Among all the branches of machine learning I'm really interested in unsupervised learning, basically discovering structure in the data without any specific purpose. It is already being used as a way to "bootstrap" other models, extracting features from data and then using a supervised model to put labels on it using training examples.
Some months ago reading about different models I came across Word2vec. Word2vec is a model that let you learn features from text, created by Tomas Mikolov and his friends from Google and detailed in the paper Distributed Representations of Words and Phrases and their Compositionality. Some people say it's semi-supervised because it uses a target function to learn the context of every word in the corpus. It's based on a shallow neural network (1 hidden layer) which is really fast to train and gives you a matrix of M x N (M: vocabulary size and N: number of features). Studying the distance between different vectors that compose this matrix we can find which words are used in similar contexts.
I decided to give it a try with a dataset from Oony, a deal-aggregator service I created with Cristian Hentschel. We collected data from more than 150M coupons and products on discount published around the world.
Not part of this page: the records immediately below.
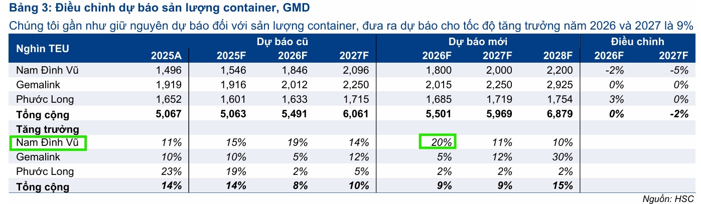 HSC dự báo lợi nhuận thuần của GMD sẽ tăng trưởng 22% trong năm 2026, đạt mức 2,045 tỷ đồng.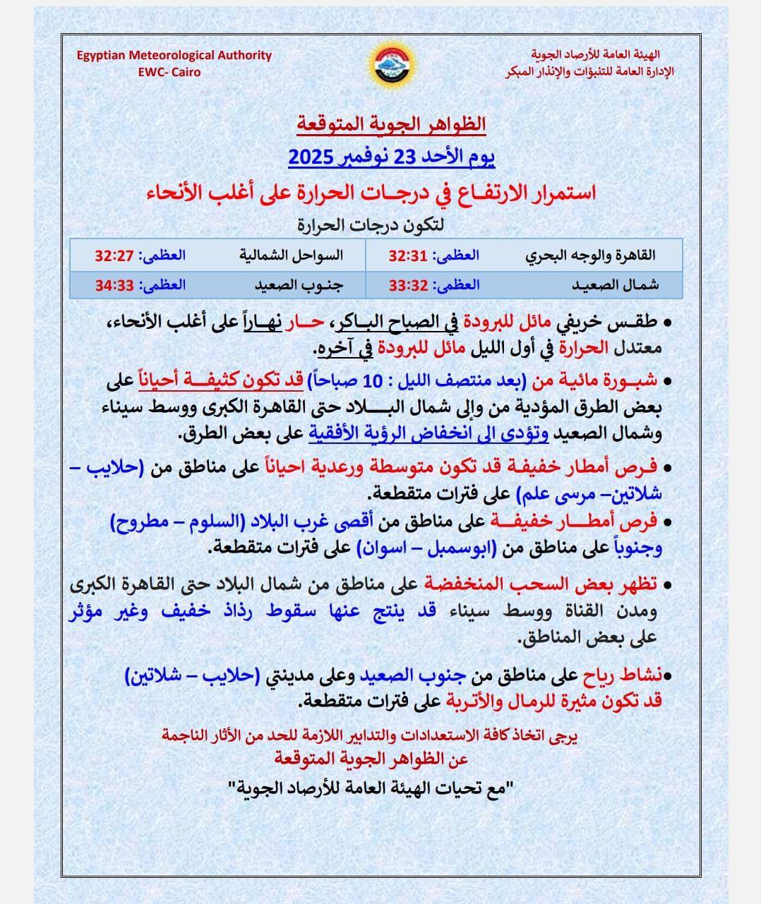 النشرة الجوية والظواهر الجوية المتوقعة ليوم غد الأحد الموافق 23 نوفمبر 2025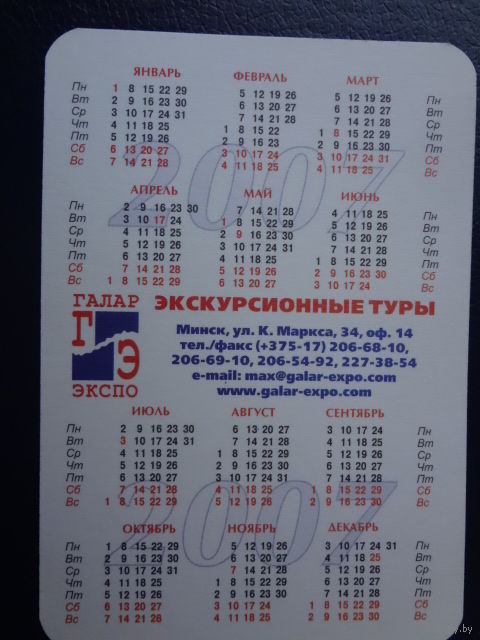 Календарик 2007 г. Галар-экспо.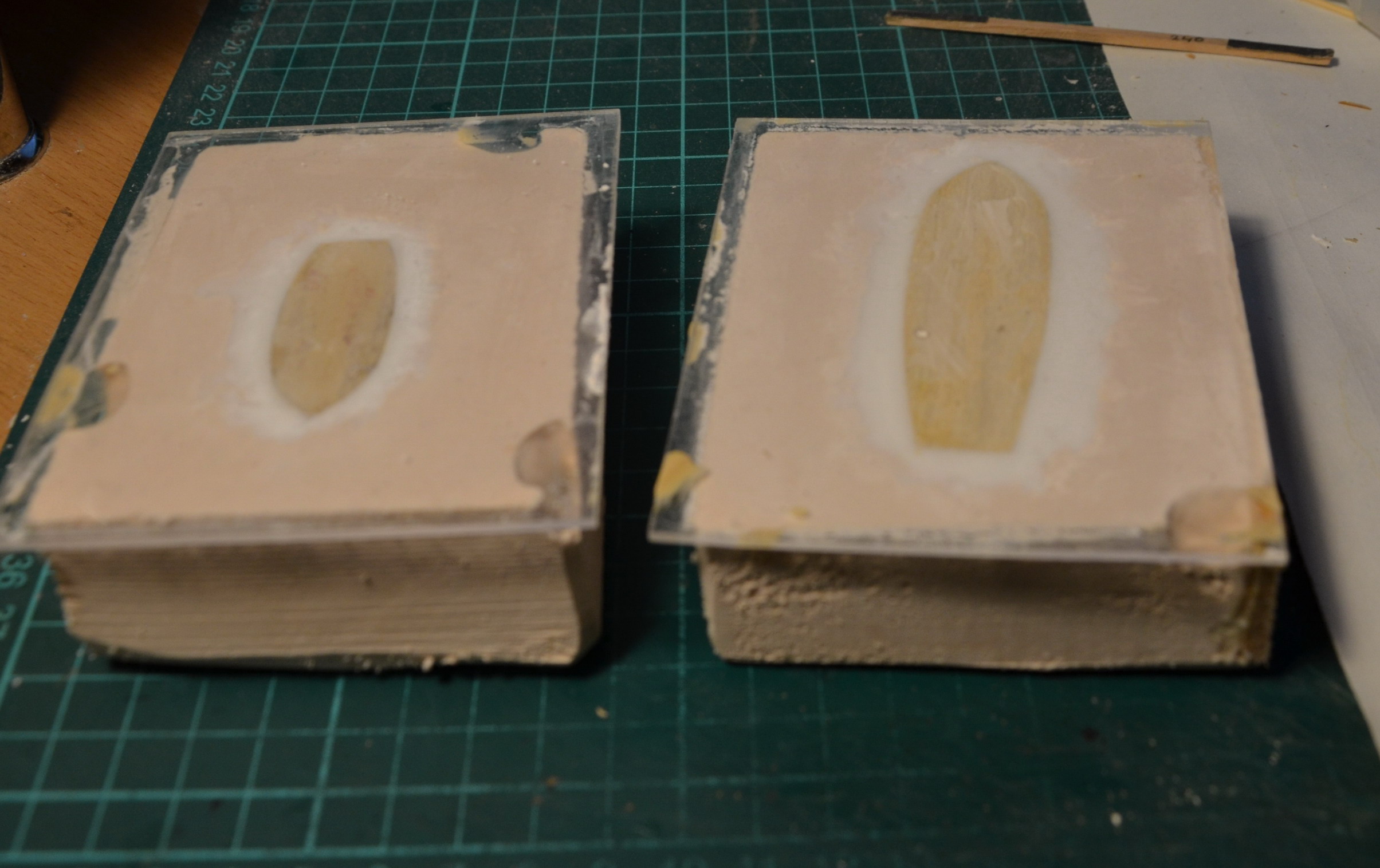 На болванки нанес разделительный слой. Пользуюсь воском, растворенным в керосине, но последнее время стал потихоньку переходить на силиконовую разделительную смазку.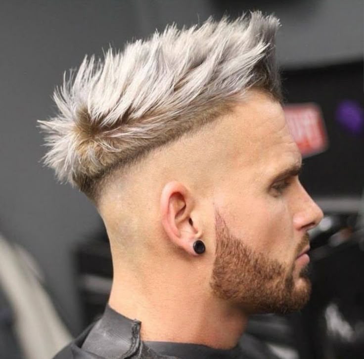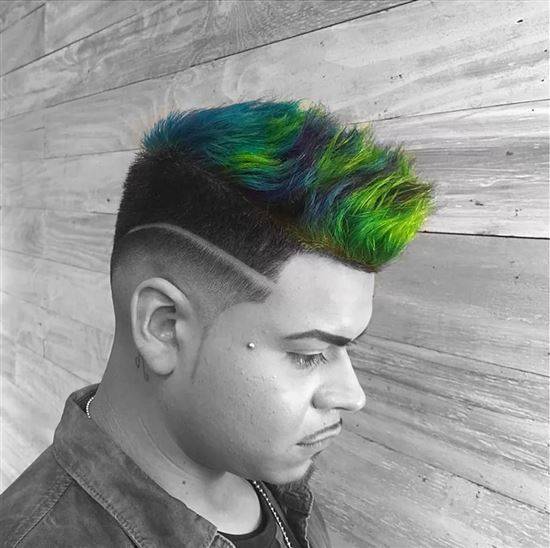 Как будут выглядеть такие мужские стрижки? На короткие волосы наносится узор, выбриваются виски, создаются резкие переходы, а на макушке окрашиваются некоторые пряди в яркие цвета. Естественно, выглядеть такая прическа будет удачно на молодом человеке или на мужчине, который работает в сфере моды и креатива.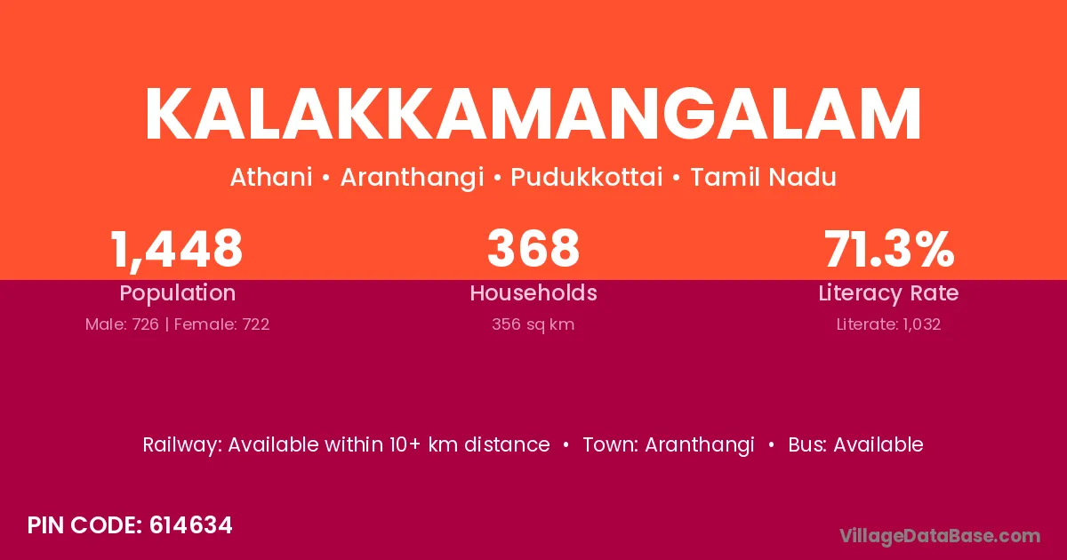 Kalakkamangalam village has a total population of 1,448 people, of which 726 are males and 722 are females.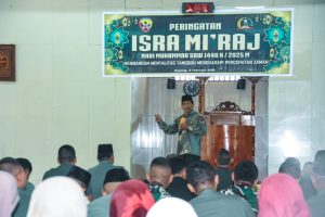 Kupang,nwartapedia.com – Dalam rangka memperingati Isra Mi’raj Nabi Muhammad SAW, Korem 161/Wira Sakti menggelar acara bersama prajurit, PNS, dan Persit KCK Koorcab Rem 161 PD IX/Udayana di Masjid Nurul Whathan Kuanino, Kota Kupang. Acara ini mengusung tema “Membangun Mentalitas Tangguh Menghadapi Percepatan Zaman”, yang bertujuan untuk memperkuat keimanan serta mentalitas prajurit dan keluarga besar Korem 161/WS di tengah pesatnya perkembangan teknologi informasi.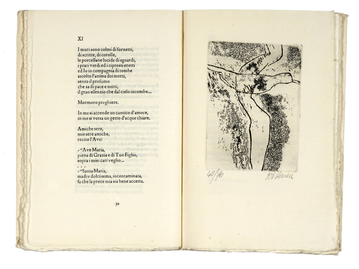 Edizione numerata a 100 esemplari, composta con carattere "Inkunabula" e stampata, su carta a mano, della cartiera Miliani di Fabriano, nella Scuola Grafica del Centro Arti e Mestieri della Fondazione Giorgio Cini di Venezia. Esemplare N.40.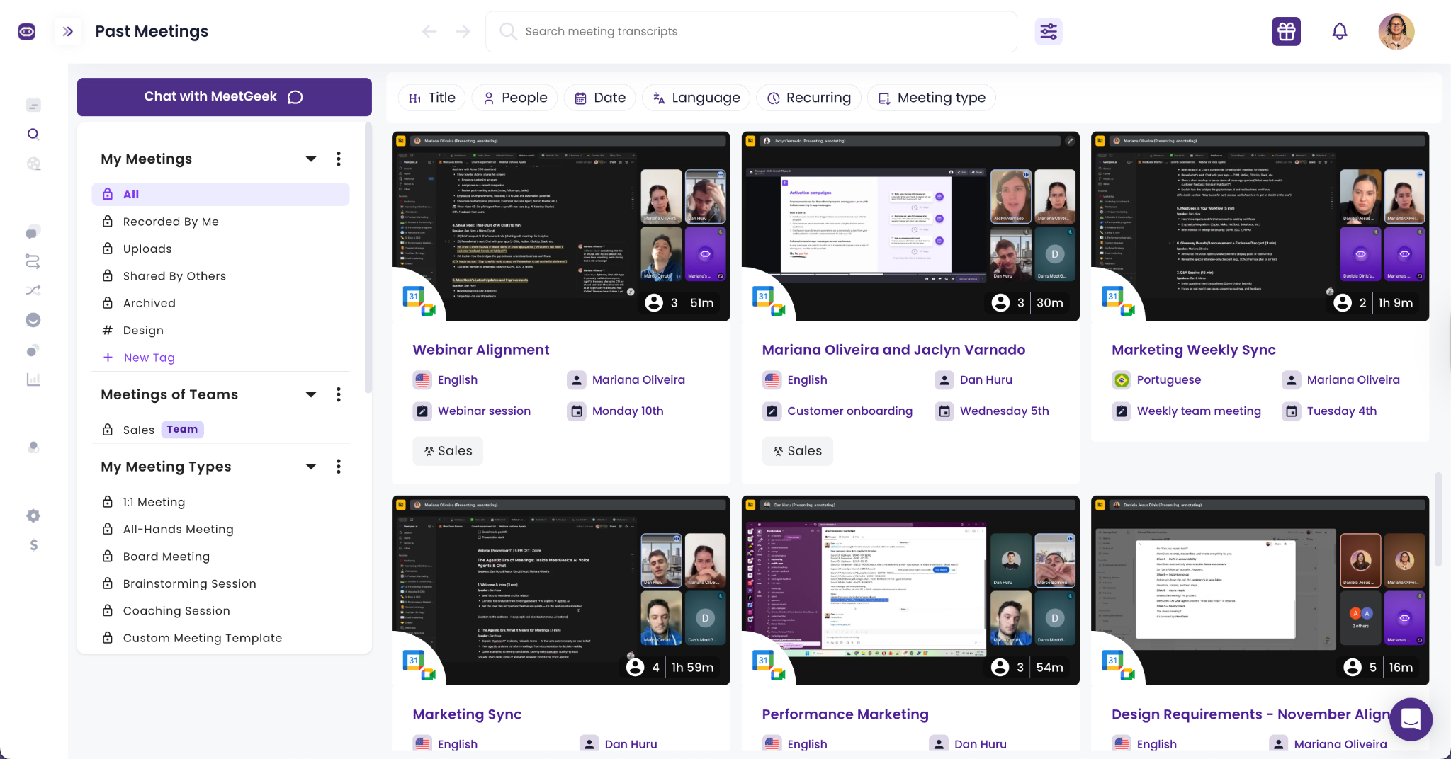 MeetGeek’s AI features also enhance searchability. Users can interact with past conversations through Chat With Meetings, a feature that lets them ask questions like “When did we discuss pricing?” or “What were the final requirements for the client project?” The AI retrieves relevant results across multiple meetings, saving hours of manual searching and ensuring that no detail is ever lost.

As the dataset is quite large I just used a subset from the UK and only in the electronics & technology category.
Some characteristics about the dataset:
- 1132643 records.
- I used only the title and description field.
- Title average length is 61 chars.
- Description average length is 94 chars.
- Is there any structure in the data?
- Will it work well with short titles and descriptions from deals?
Getting the word embedding
- Ran a Python script to extract a text dump of title+description from a PostgreSQL database where all the deals are stored.
- Stripped html tags, converted all to lowercase and removed stopwords using NLTK. Applied the Wordnet lemmatizer to reduce the vocabulary size.
- Saved a 136MB file to disk with a concatenation of all the processed text.
- I used Tensorflow with a modified version of the word2vec_optimized script, setting the window_size to 2 and embedding size to 200. (I also tried gensim but found the Tensorflow version faster).
- The vocabulary size was of 131718 words and ran the training set for 15 epochs.
As a result of processing the dataset through Word2vec I got a matrix of 131718 x 200. As it's high dimensional data and impossible to visualize I applied a t-SNE transformation to reduce the matrix and projecting it into a plane. I selected only the top 500 words by frequency from the vocabulary and ran the transformation with a perplexity of 30 and 5000 iterations (tried with different values to see what looked good). There's a good guide on interpreting t-SNE and its hyper-parameters on the "interesting resources" section below.
From the chart we can see clumps of words which share similar contexts, for instance colors on the middle right side, computer parts on the top left, and electronic brands on the lower right. There's a bunch of selling/marketing words (perfect, unique, ideal, special, best, great, excellent) on the lower left.
Some applications of the embedding info I can think of are: using it for improving search relevance of related terms, creating relationship between different deals, identifying entities which can help tag different attributes of the deals and products.
Other experiments that would be nice to test are: trying with different embedding/window size, running the process without removing stopwords to see if it retains context information better, using a much larger dataset to see what structure emerge.